# Merlin ~ New BH Title



## Lynn_P (Mar 17, 2004)

Merlin and I earned his BH Title on Mother's Day. Just a few pictures of his OB. He finally settled down when we got to the "off leash" heel work.


----------



## lhczth (Apr 5, 2000)

Congratulations. 

You do like those big boys. LOL


----------



## GypsyGhost (Dec 29, 2014)

Congrats!


----------



## GatorDog (Aug 17, 2011)

Congrats Lynn!!!


----------



## Jenny720 (Nov 21, 2014)

Congratulations and he is gorgeous!!!!!


----------



## Lynn_P (Mar 17, 2004)

lhczth said:


> You do like those big boys.
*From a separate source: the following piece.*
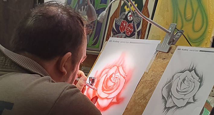 Lorenzo Dossena (Dox) e Davide Salvadori (Grizzly Airbrush) sono due Tutors con una Passione in comune …. l’Aerografia … ed insieme hanno tenuto il Corso 2.0 in Accademia La classe, composta da quattro allievi, due dei quali già …

LOL


 
Believe me, if I ever have a normal size GSD, I won't know how to act.


----------



## wolfstraum (May 2, 2003)

Congratulations Lynn!!! Nice combo of you two - and he really reminds me of his father!


Lee


----------



## Lynn_P (Mar 17, 2004)

wolfstraum said:


> Congratulations Lynn!!! Nice combo of you two - and he really reminds me of his father!





wolfstraum said:


> Lee



Believe me Lee.. he's almost a carbon copy of Laos in his every day behavior also.


----------



## wolfstraum (May 2, 2003)

LOL I can believe it!! the overjoyous heeling LOL But he is darker I think and maybe a tad bigger!!! Like you needed bigger LOL


----------



## G-burg (Nov 10, 2002)

Big, BIG congrats Lynn and Merlin!! Nice routine with lots of enthusiasm!!!


----------



## Mudypoz (Mar 3, 2016)

Congratulations! What a gorgeous dog!


----------



## Shade (Feb 20, 2012)

Congratulations!!


----------



## Renofan2 (Aug 27, 2010)

Congratulations Lynn!


----------



## RZZNSTR (Jan 24, 2015)

Congrats and well done!


----------